Saturday, 11 December 2010

Some thoughts on banking crises

Hello everyone...This is my second post, but I still need to figure out how to upload charts, so this post too will venture in the theoretical / philosophical sphere. I hope you don't get bored...

So, here it goes. One of the issues that got heavily mentioned as problematic during talks about Ireland was the fact that the size of the country's banking sector was a multiple of the size of its GDP. But was that really the problem ? The same argument has been made about Iceland and it can also be made about other European countries as well. I think Austria and Cyprus fit the bill and probably Switzerland, but I don't have a figure in mind for the Swiss so I'll leave them out for the time being.

You noticed that only small countries got mentioned. Well, that's the concensus right now, but that is simply wrong. The same goes about the UK and France for sure and I'm sure for many of the rest of the large European sovereigns as well. Yet everybody tend to make more noise about small countries right now since talk about banking sectors of larger countries has ceased, at least that's the impression I got. The reason could be that markets focus on the weaker links of a chain first. That does not necessarily mean that the banking sectors of smaller countries are weaker (although that was exactly the case in Ireland) but that their sovereigns are weaker than larger sovereigns. If contagion gets to the larger sovereigns then this could be the endgame or it could signal that time for more drastic measures (i.e. debt monetization) has come. But now I'm straying from my point...

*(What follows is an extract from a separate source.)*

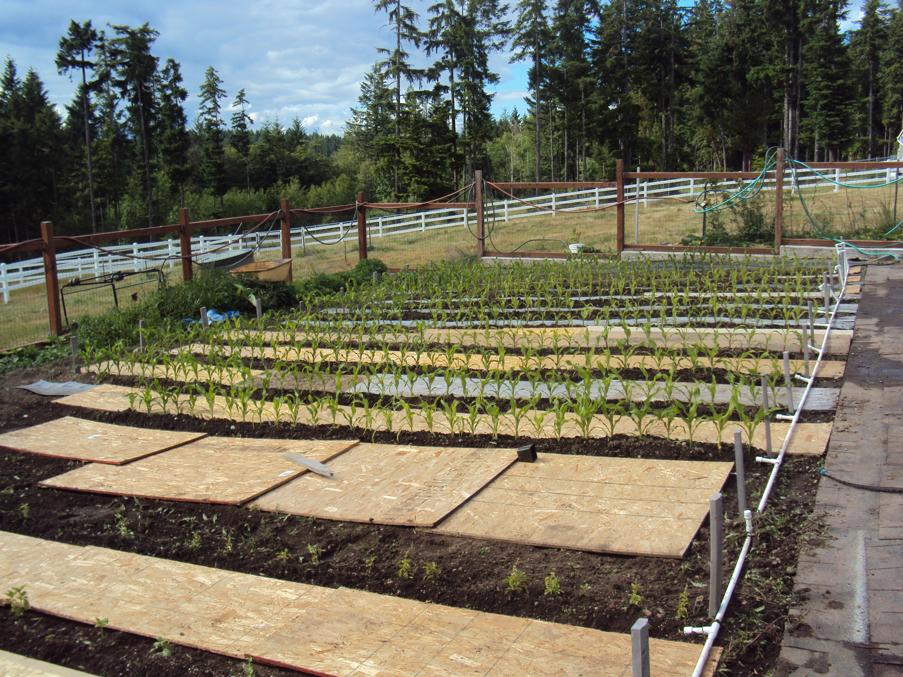 I prefer the dark colored carpet method to keep weeds away while warming the soil and carpet breathes better than plywood! My Candy Corn, Bodacious are usually ready for picking around mid July.
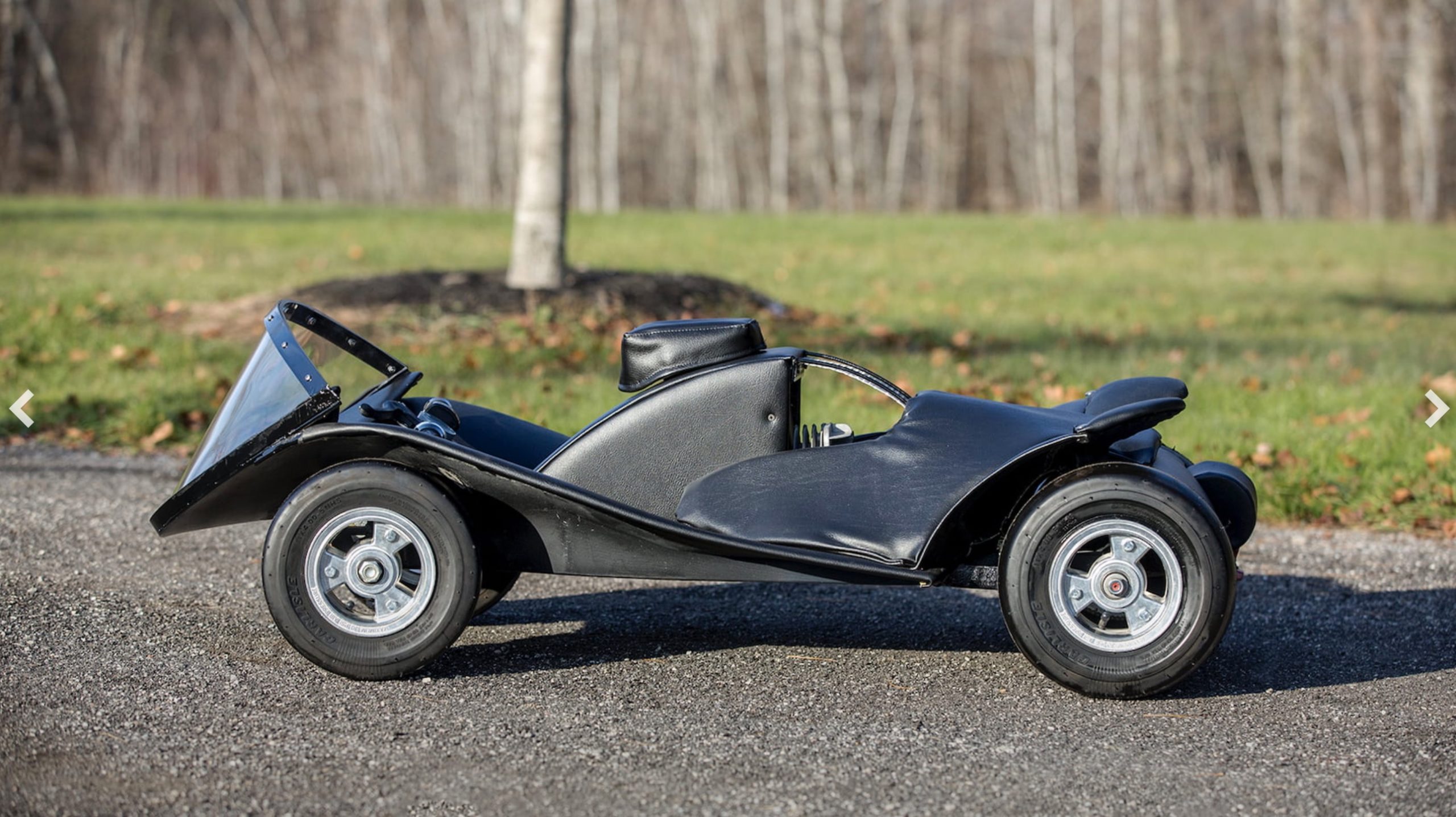 It’s powered by a 55cc Yamaha engine with 3-speed transmission and “impossibly short low-mount handlebar controls,” though the original was fossil fuel-inclined – and according to Mecum’s website, the cart was designed to be launched from the sidecar of the BatCycle, though the “challenging-to-control go-kart rarely went in the intended direction and [Robin] often ended up more white-knuckled than white lighting.”

To get back to it, it is like the reason that Iceland's banks went bankrupt was just that the size of their consolidated balance sheet was larger than the country's GDP. Of course that makes bailing out the sector harder or even impossible or if you prefer, undesirable. But not all cases are the same. If the said expansion of the banks' balance sheets was solely inward (meaning inside their home-country's borders) then that's surely highly problematic, since there is a limit to the amount of debt a household or corporate entity can take up and actually service. What about the case though, that a small country's banks expand offshore pretty sensibly, with cheap funding sources (deposits), low loans / deposits ratios and a conservative business model that gives priority to limit risk and prevent reckless credit expansion ? Would that be a reason to worry too ? If the answer to that question is yes, then banking sectors of smaller countries are condemned to remain small forever...

I know that this is a pretty theoretical (and as the crisis proved, nonexistent) case but that's the point I want to make. The problem, for aforementioned banking sectors, is not overseas expansion per se but reckless credit expansion, over-reliance to wholesale funding (which as we all have witnessed during the present crisis can vaporise overnight) and greed. They simply wanted to do everything overnight, but in order to build an empire, especially if you come from a small country, you have to be patient. It always comes back to the flaws of human nature, doesn't it ?

p.s. I think that a large banking sector provided that it is not overextended and individual banks have maintained sound lending standards can sustain the rise in NPLs (non - performing loans) associated with a typican downturn without requiring the state to step in to bail it out.